‘Maintenance’ helps relationships
Adapted from a recent online discussion.
On the old saw that “relationships take work”:
I think of this in terms of maintenance vs. repair.
All relationships take maintenance, just like cars. For a car, you have to put gas in it, and change the oil, and wash it, and get the engine checked, and rotate the tires. If you don’t, your car will stop running, no matter how good a car it is.
For a relationship, you have to treat your partner with respect and kindness (even when you’re tired and stressed, or mad), consider their needs and wants as well as your own, pay attention to how they’re doing, speak up, respectfully, when you have a problem, and listen honestly when they do the same. You have to make time and energy for you as a couple – date nights out, pursuing mutual interests. And if you pay attention to maintenance, when a serious problem does come up (and they do), you have the foundation to weather it.

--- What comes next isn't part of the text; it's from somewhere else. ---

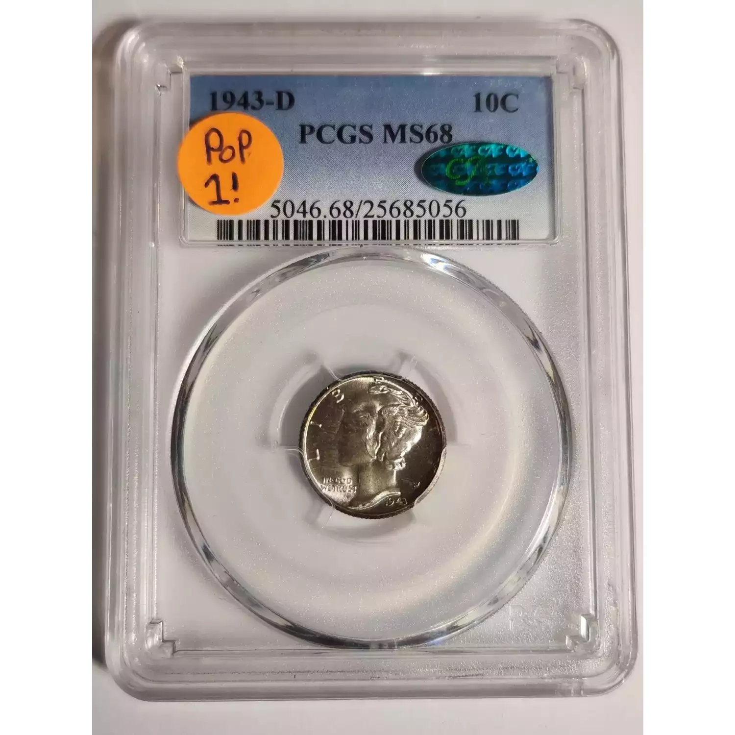 1943-D Mercury Dime PCGS MS-68 - POP 1! - PRETTY CAC

On the other hand, “relationships take work” should not be used as an excuse to do the relationship equivalent of buying a 20-year-old beater with faulty brakes and no floor, and pouring all of your money and energy into trying to get it to run, because you’re never going to get a reliable car out of it.
If your partner doesn’t care about whether you are happy, doesn’t regard you with respect, and doesn’t think there is a problem (or vice versa), all the work in the world isn’t going to make a healthy relationship out of the two of you. If you have to work to put up with them or enjoy their company in the early stages of the relationship, it’s unlikely to improve.
As a corollary, sometimes it’s a great car, but just not one that serves your needs. If you have four kids and live in a snowy climate, you’ll regret buying that sports car, no matter how good it looked. – J.